Research ethics are applied to all areas of research, from the planning stage to conducting and writing up the research and even in any follow up research. The aim of research ethics are to protect the participant and to protect the research project. Ethical research is governed by ethical principles and values and is conducted with the best interests of the participants in mind, as opposed to the other aspects of research which revolve around the project itself (Habibis, 2013, p. 73). There is a power imbalance between the researcher and the participant which must be acknowledged, this is especially true when the research area involves those from vulnerable groups in society. According to Habibis (2013, p. 73) the researcher is the one who is control of all aspects of the project, which only highlights the power imbalance further and informs us of the need to protect the participant from harm.

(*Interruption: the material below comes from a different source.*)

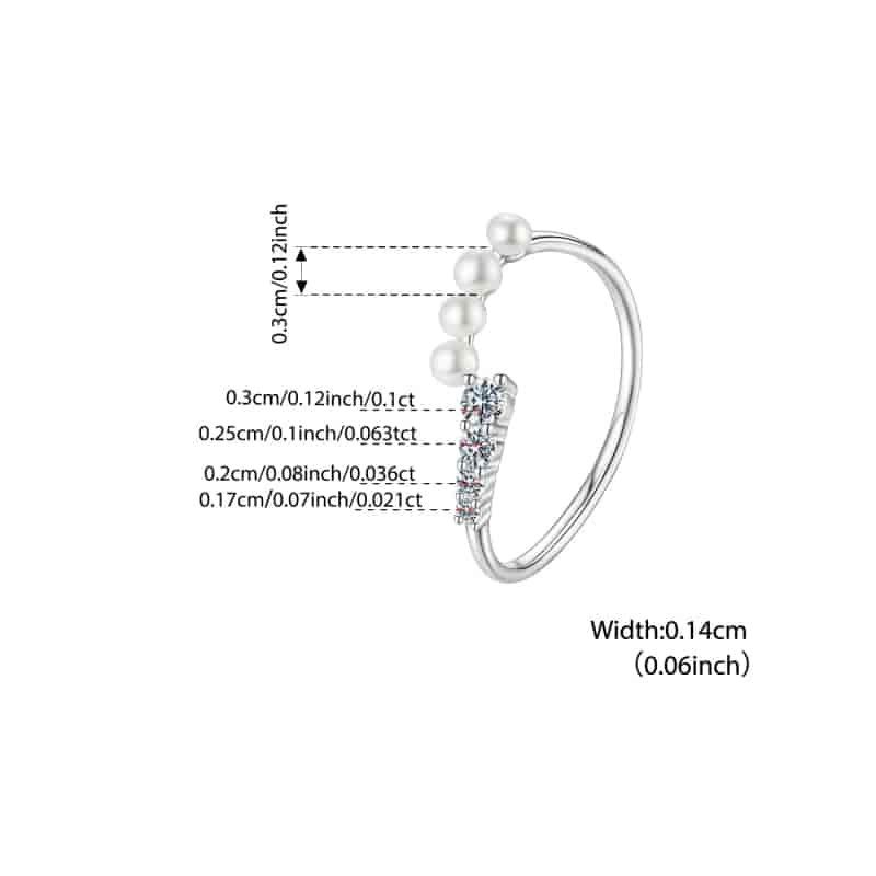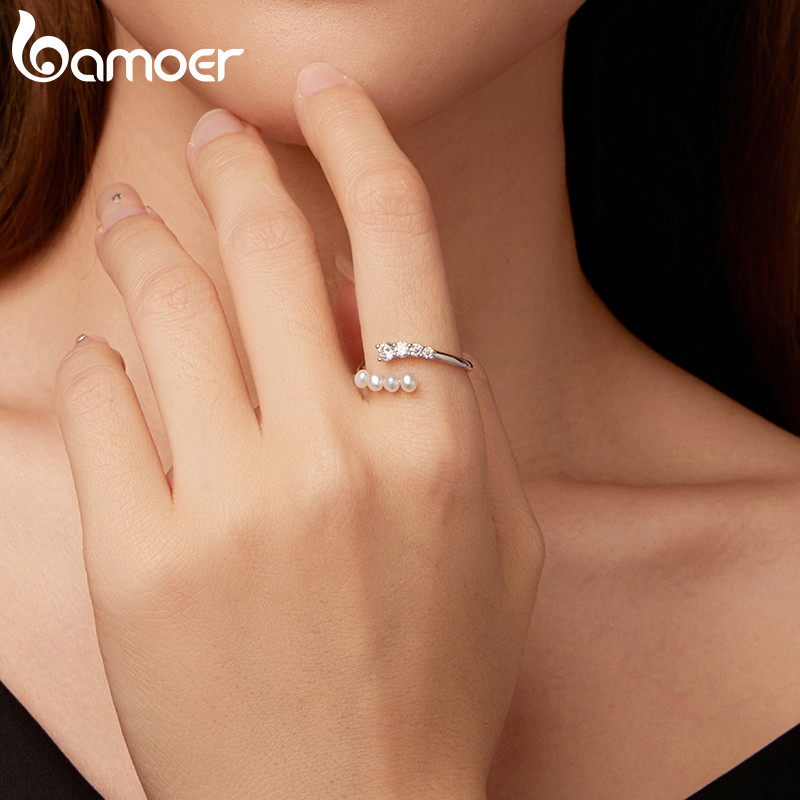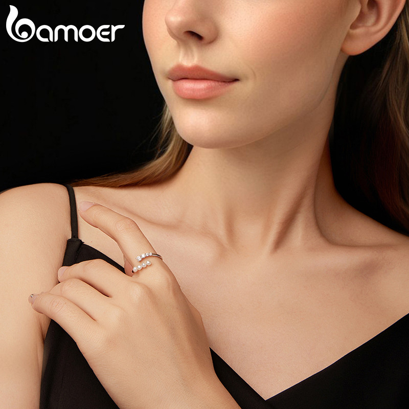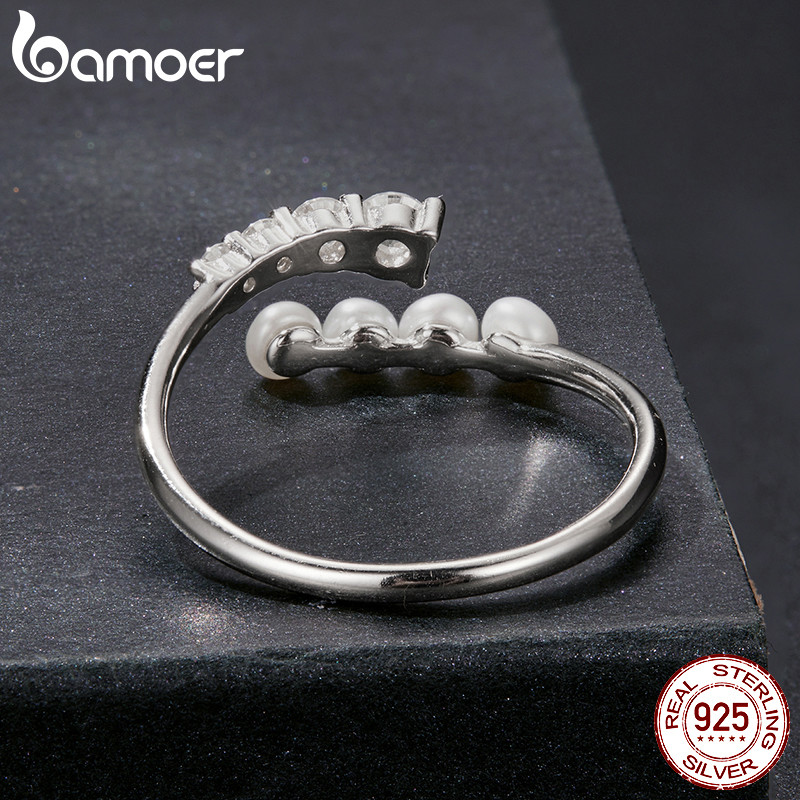 Bamoer 925 Prata Esterlina Anel Aberto Tamanho Ajustável Pérola Moissanite Moda Jóias Presentes Para Mulher MSR084-E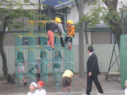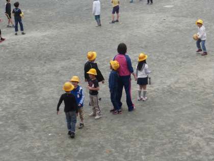 校庭のあちらこちらに見える黄色い帽子が目印です。

Informed consent is sought in order to verify that participation in the research is voluntary and that the participant is informed of the purpose of the research, the methods used to conduct the research and any risks associated with their participation in the project (Habibis (2013, pp. 75-79). Researchers are ethically obligated to ensure the participants anonymity and confidentiality. Anonymity ensures that the participant cannot be identified as having taken part in the research and confidentiality guarantees that they cannot be identified from the data they provide in the research project (Habibis (2013, p. 82). Punch (2014) adds that one way researchers ensure confidentiality is by removing identifiable information from the data they store, a process which is known as ‘anonymisation’. References Habibis, D 2013, ‘Ethics and Social Research’, Chapter 4 in Walter, Maggie (ed.). 2013, ‘Social Research Methods’3rd ed. South Melbourne: Oxford University Press, pp. 72-79. Punch, KF 2014, ‘Introduction to Social Research Quantitative and Qualitative Approaches’, 3rd ed, SAGE Publications, London.

Laszlo La Marque said : Guest Report a month ago

The key principles of ethical research, especially in human research, address the challenges of mediating the conflict of interest that occurs between what researchers need to conduct experiments and what participants need in terms of protections. Adapting those moral standards which moderate behaviour, ethical research aims to produce material of beneficial use to society in order to justify human research. It is therefore governed by Human Research Ethics Committees. The first precaution of ethical research is, like medical ethics, to do no harm. This involves considering the type of research and its methods and identifying potential risks. Being aware of risks to potentially vulnerable participants, particularly by being conscious of embarrassing or distressing issues and sensitive topics is also vital, and good practitioners provide avenues for professional support and debriefing after the research is concluded. Risks must be communicated to participants when gaining consent and risk should be avoided if possible. The option to end the research or experiment at any time by either researcher or participant is essential as is ensuring the anonymity of participants and the confidentiality of their data. Consent with voluntary participation is key. Informed consent means participants are aware of the reason for the research, any risks associated with it, and that they agree to undertake it without coercion, often confirmed by signing registered forms. Tacit consent is often assumed based on circumstances and verbal consent. Sometimes, particularly in covert ethnographic research, consent cannot be obtained but this is moderated by ensuring the anonymity of participants and the unlikelihood of their harm. Privacy must be assured through anonymity to protect participants’ identification as participants and confidentiality ensures that the specific contributions of respondents cannot be identified; these are safeguarded by secure storage and destruction of data as well as restricting access and use of data to appropriate persons.